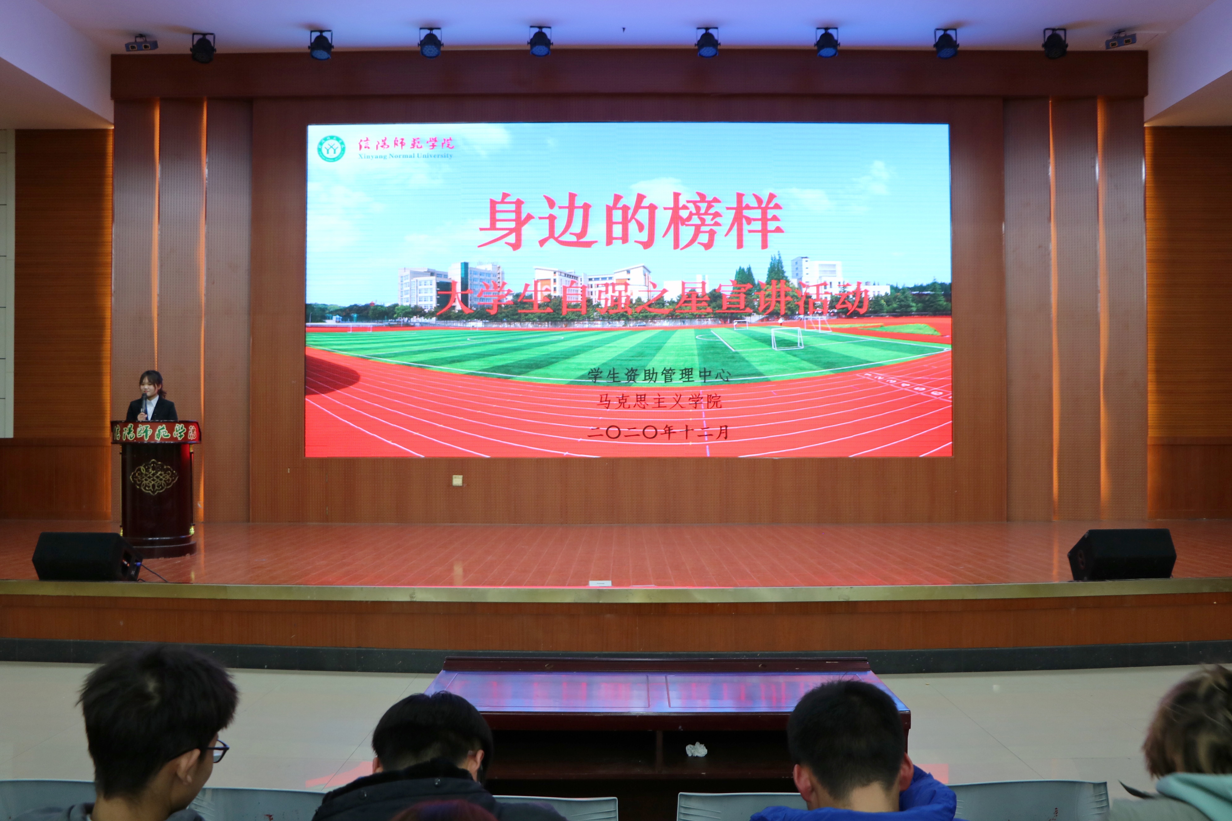 为大力推进大学生思想教育工作,彰显榜样力量,激励我院学子艰苦奋斗、顽强拼搏,12月16日晚,由太阳集团tyc5997主办的“身边的榜样”大学生宣讲活动在逸夫楼报告厅举办。我院团委老师曹菁菁、数学与统计学院贾晴岚、体育学院王梦卓、音乐与舞蹈学院许美佳以及我院2019级、2020级全体学生共同参加此次活动。活动由曹菁菁主持。
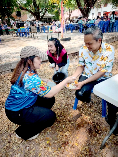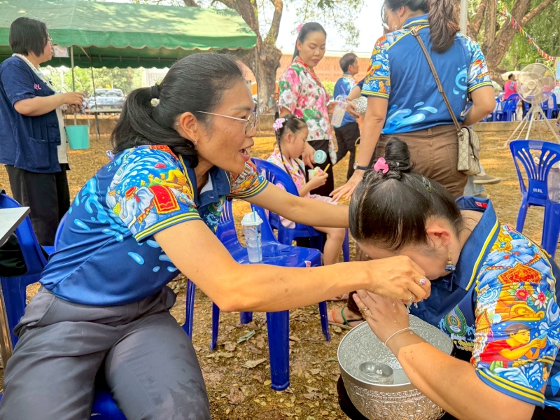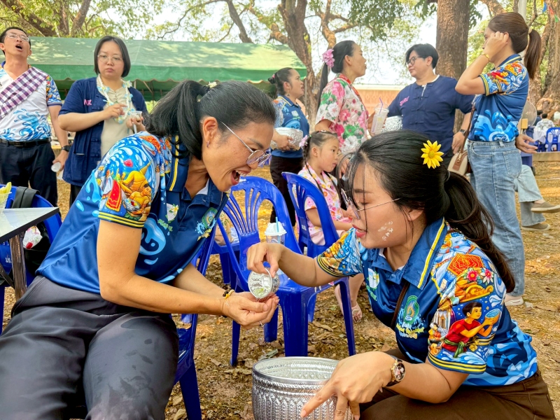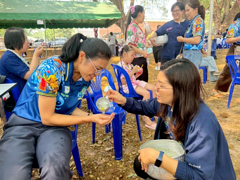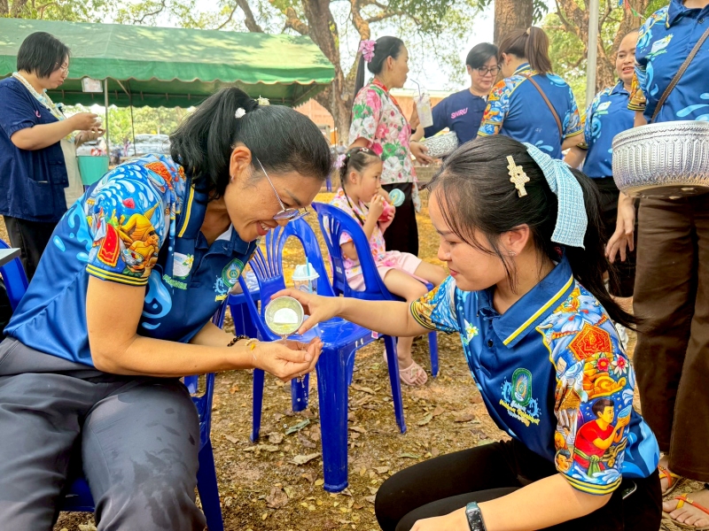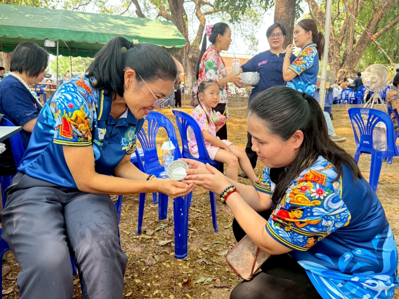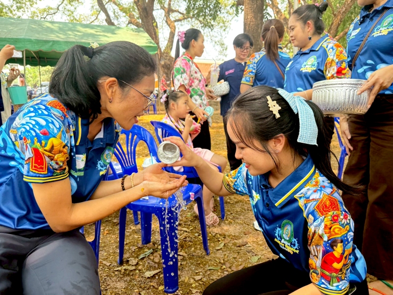 พร้อมร่วมรดน้ำขอพรจาก ศาสตราจารย์ ดร.ทศวรรษ สีตะวัน รองอธิการบดี นายเกษม บุตรดี ผู้อำนวยการสำนักงานอธิการบดี และนางอมรรัตน์ ตุ่นกลิ่น รักษาการในตำแหน่งผู้อำนวยการกองนโยบายและแผน เนื่องในวันสงกรานต์ ประจำปี 2569
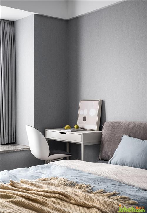 次臥在灰白的色調(diào)下點(diǎn)綴淡藍(lán)色,以簡(jiǎn)約的設(shè)計(jì)手法構(gòu)筑純粹的生活情境,靜謐與質(zhì)感的格調(diào)氤氳而生。
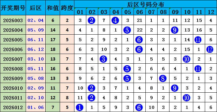 后区分析:大乐透后区上期开出奇偶组合,跨度5。近10期后区奇偶组合出现2期,偶奇组合出现2期,奇奇组合出现2期,偶偶组合出现3期;近10期后区两码跨度1-5开出4次,6-11开出5次,本期后区两码综合推荐:01、07。
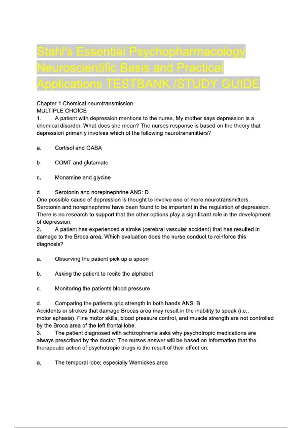 FULL TEST BANK Stahl's Essential Psychopharmacology: Neuroscientific Basis and Practical Applications 5th Edition by Stephen M. Stahl (Author) With 100% Verified Questions And Answers Graded A+.
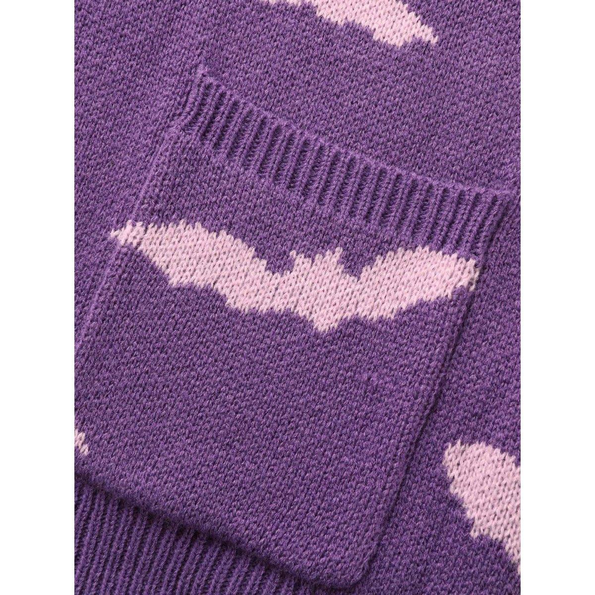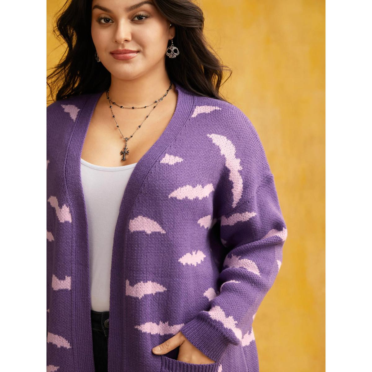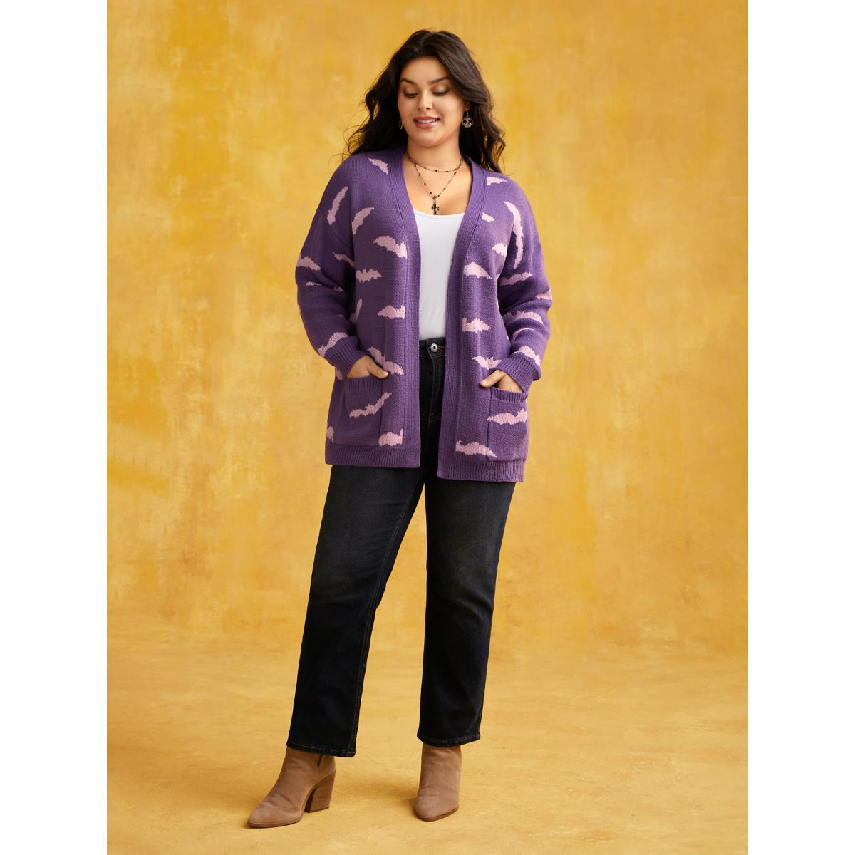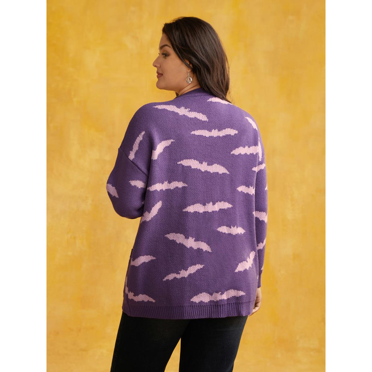Plus Size Haunted Bats Printed Jacquard Cardigan - For Halloween Lilac Women Casual Loose Long Sleeve Everyday Cardigans BloomChic 10/M

^^^^

Restate all of the material word for word, leaving every picture out.

*Exercise response*:
 为大力推进大学生思想教育工作,彰显榜样力量,激励我院学子艰苦奋斗、顽强拼搏,12月16日晚,由太阳集团tyc5997主办的“身边的榜样”大学生宣讲活动在逸夫楼报告厅举办。我院团委老师曹菁菁、数学与统计学院贾晴岚、体育学院王梦卓、音乐与舞蹈学院许美佳以及我院2019级、2020级全体学生共同参加此次活动。活动由曹菁菁主持。
 พร้อมร่วมรดน้ำขอพรจาก ศาสตราจารย์ ดร.ทศวรรษ สีตะวัน รองอธิการบดี นายเกษม บุตรดี ผู้อำนวยการสำนักงานอธิการบดี และนางอมรรัตน์ ตุ่นกลิ่น รักษาการในตำแหน่งผู้อำนวยการกองนโยบายและแผน เนื่องในวันสงกรานต์ ประจำปี 2569
 次臥在灰白的色調(diào)下點(diǎn)綴淡藍(lán)色,以簡(jiǎn)約的設(shè)計(jì)手法構(gòu)筑純粹的生活情境,靜謐與質(zhì)感的格調(diào)氤氳而生。
 后区分析:大乐透后区上期开出奇偶组合,跨度5。近10期后区奇偶组合出现2期,偶奇组合出现2期,奇奇组合出现2期,偶偶组合出现3期;近10期后区两码跨度1-5开出4次,6-11开出5次,本期后区两码综合推荐:01、07。
 FULL TEST BANK Stahl's Essential Psychopharmacology: Neuroscientific Basis and Practical Applications 5th Edition by Stephen M. Stahl (Author) With 100% Verified Questions And Answers Graded A+.
Plus Size Haunted Bats Printed Jacquard Cardigan - For Halloween Lilac Women Casual Loose Long Sleeve Everyday Cardigans BloomChic 10/M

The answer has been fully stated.